The initial financial presentation to the court should be in three columns. Actual financial results alone may present a distorted picture to the bankruptcy judge. Instead, the court should see a three-column presentation. Column one is actual results. Column two is the list of adjustments to line items necessary to restate actual financial results to eliminate the effect of extraordinary items.

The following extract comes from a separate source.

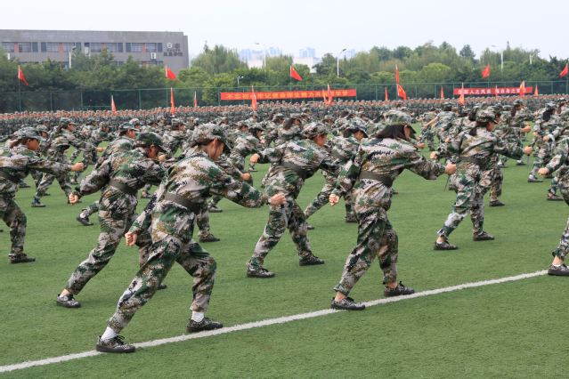 分列式结束后,军训汇报表演正式开始。首先上场的是基础动作展示方队,他们脸上抹着迷彩油,展示了实战演练中的匍匐、翻滚等高难度动作;警棍术方队棍法清晰、步法稳健、身械协调,一招一式尽显军人风采;擒敌拳、刺杀操方队面容严整、动作整齐;军体拳方队的女生亦是巾帼不让须眉,一动一喊,声音嘹亮、动作刚劲;2566名西华学子组成手语操方队,在《我和我的祖国》的歌声中,他们自如变换手势,并排列出“西华”“中国”等字样,对祖国表达最诚挚的祝福,献礼新中国成立70周年华诞。一个个让人眼花缭乱的表演中,西华学子身姿挺拔,脚步坚定,构成了一道亮丽的风景线,赢得了现场观众的阵阵喝彩。

And column three is the restated financial results — what actual results would have looked like absent the extraordinary items.
Each line item in column two must be explained for the court to determine if it warrants the restatement of that line item in column three. This process should be applied to both the statement of cash flows and the income statement (even though an income statement usually is not part of the U.S. Trustee’s monthly reporting requirements). The idea is for the court to see how the debtor’s core business is performing absent the headaches that brought it to bankruptcy court.
Failure to give the bankruptcy judge a bridge to see (1) what would have been the debtor’s results from ongoing operations before bankruptcy absent extraordinary events and (2) “normalized” results during bankruptcy can reduce the likelihood of success in chapter 11. It also is imperative that the debtor’s financial adviser adequately explain the bases for adjustments. Without them, the court sees a distorted picture.
Kenneth A. Rosen is a partner and chair emeritus, bankruptcy & restructuring department, Lowenstein Sandler LLP.
The views expressed herein are those of the author only and are not necessarily shared by other persons at Lowenstein Sandler LLP. The law is subject to interpretation. Each case is unique. This article is not intended to provide legal advice.